Welcome Pottersusan. I've also replied to your other thread, suggesting you ask to see a dietician - diabetes consultant should be able to refer you.


----------



## Ellie Jones (Dec 8, 2011)

Hi Susan welcome to the forum..

I've come across somebody in similar position to you a few years ago, while she and I were fighting for pump funding (often easier to achieve now a days)..

If I remember rightly when the pancreas is removed then this also effects the liver and your body loses the safety net of being able to dump glucose into the system as no hormone response from the pancreas!

The pump is a pretty good piece of kit, and yes would be suited to your particular set of problems, a lot of things about pumps that make them very flexible indeed, as you use them pro-actively and reactively a lot easier than using injections..

You would find have 3 different bolus mode idea to help match the adsorption of high fat foods, and if you then over shot a slightly you have the advantage of the extended or multi-wave to stop it delivering any more insulin, or even using a Temp Basal rate to slow off the insulin etc...

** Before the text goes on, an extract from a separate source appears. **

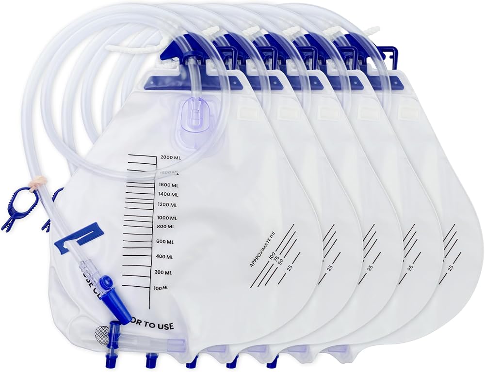 [Easy to Use:]Designed for simplicity,the 2000ml catheter bags has a user-friendly connection for quick catheter attachment and a one-handed drainage switch,along with clear markings for easy monitoring

As to Islet Transplanting, something I haven't looked to in great depth, as it's something I personally would consider, but I assume that you would need a pancreas to actually transplant the Islet cells into..  Part from that having to take anti-rejection drugs which can come with their own side effects..  Also very few can stop their insulin completely and this only tends to last for a short period of time as it's still a treatment in it's infancy...  But worth looking into to see if it maybe a possibility, if it is how you feel about the idea,


----------



## margie (Dec 8, 2011)

Ellie Jones said:


> As to Islet Transplanting, something I haven't looked to in great depth, as it's something I personally would consider, but I assume that you would need a pancreas to actually transplant the Islet cells into..

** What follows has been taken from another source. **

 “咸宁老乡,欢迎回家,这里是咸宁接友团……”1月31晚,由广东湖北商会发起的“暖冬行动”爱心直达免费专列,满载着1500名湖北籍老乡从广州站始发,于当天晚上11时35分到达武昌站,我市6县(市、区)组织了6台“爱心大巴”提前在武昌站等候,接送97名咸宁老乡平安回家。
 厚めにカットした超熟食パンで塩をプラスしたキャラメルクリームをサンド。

That was what I thought until last week when the DSN was talking about it and she said that they were injected and ended up in the liver. When I checked before posting all the articles I found talked of infusing the cells into the liver. I would not fancy taking all the drugs either but some people feel it preferable to the injections and testing.


----------



## pottersusan (Dec 9, 2011)

Ellie Jones said:


> Hi Susan welcome to the forum..
> 
> I've come across somebody in similar position to you a few years ago, while she and I were fighting for pump funding (often easier to achieve now a days)..
> 
> ...



Showing my almost total ignorance about diabetes... What is bolus mode? I imagine the lantus is the basal thing.
You're all giving me lots of ammunition for my conversation with the consultant next week.


----------



## Northerner (Dec 9, 2011)

pottersusan said:


> Showing my almost total ignorance about diabetes... What is bolus mode? I imagine the lantus is the basal thing.
> You're all giving me lots of ammunition for my conversation with the consultant next week.

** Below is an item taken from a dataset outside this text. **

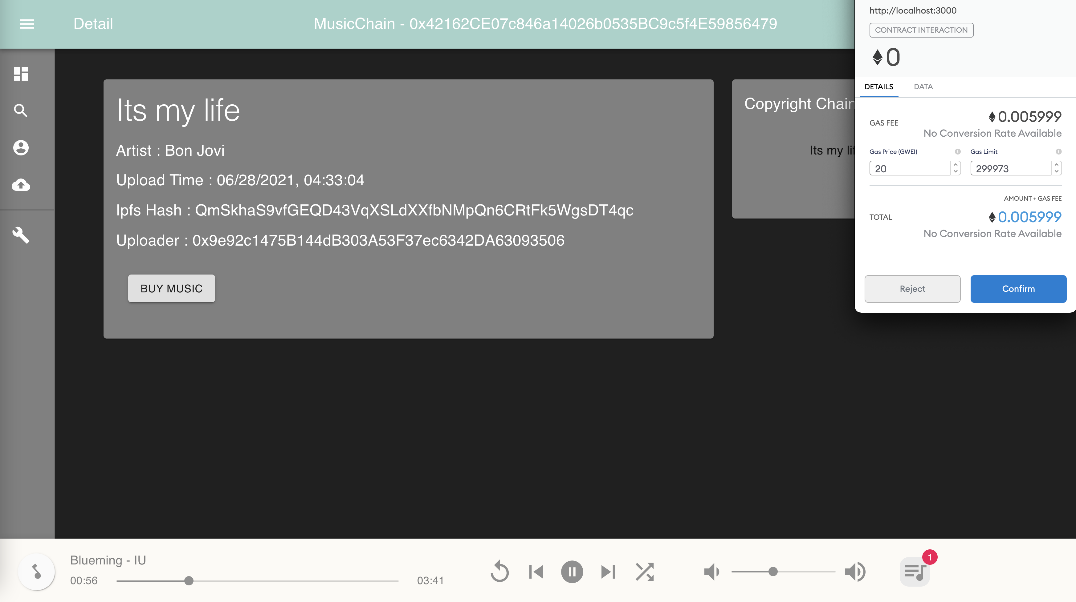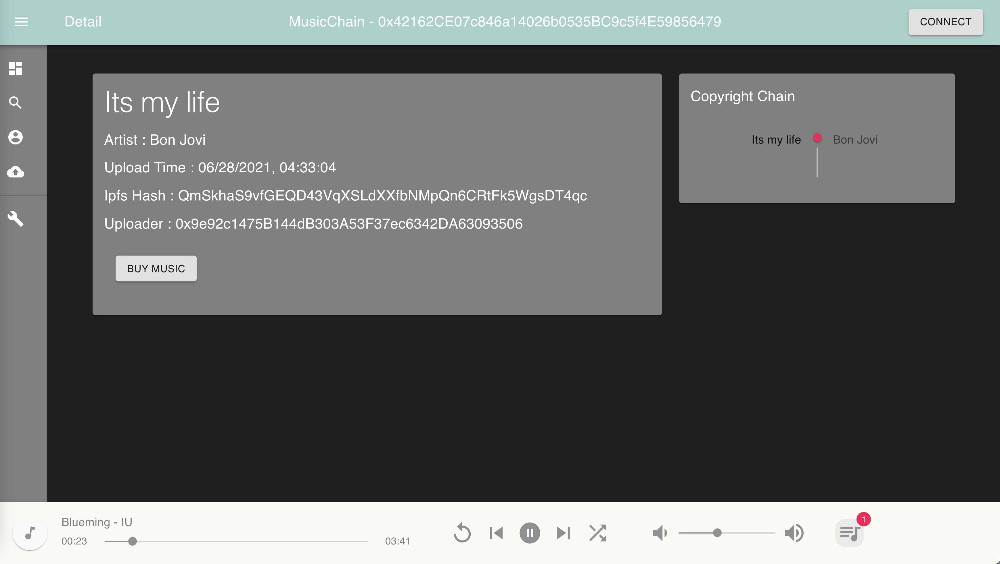 If the user had not bought this music, they can click the BUY MUSIC button to fire a transaction on the blockchain.

Bolus is the fast-acting insulin you take to cover the carbs in food - novorapid in your case


----------



## pottersusan (Dec 9, 2011)

Northerner said:


> Bolus is the fast-acting insulin you take to cover the carbs in food - novorapid in your case


Thank you, Northerner. It's a whole new language.


----------



## pottersusan (Dec 9, 2011)

Northerner said:


> You're on the same insulin regime as me, so I can appreciate that it must be difficult maintaining good blood sugar control if you have to eat frequently. A pump would give you much more flexibility since you woul be able to administer extra insulin whenever you needed to eat, but without having to give an extra injection. The pump would also give you much better basal control than lantus, given your circumstances. As you say, there may be cheaper options but I doubt if there are any that would be more suitable.
> 
> I would suggest getting in touch with the people at Input:
> 
> ...



Really useful site - Thanks for that


----------



## Newtothis (Dec 9, 2011)

Hi Pottersusan, welcome to the forum.. Amanda x


----------



## martindt1606 (Dec 14, 2011)

*also without pancreas*

Hi Sue,

I had my Pancreas removed 18 months ago but apart from the gall bladder everything else was left with me.

I've had 16 months of trial and error and have seen multiple Diabetic Nurses (never the same one twice...).  

I was invited on a DAPHNE Course 6 weeks ago and now have some theory to help understand the relationship between food (specifically carbs) and insulin.  My daily bloods haven't improved but at least I know why.  I was told not to mention my lack of a pancreas on the course - as we are different.

On the course I met a Dietician who I've now seen a couple of times because the Pancreas does more than manage insulin.  For example I need to take Creon with everything I eat and drink - but again never understood the dose should be varied depending on food (fat content).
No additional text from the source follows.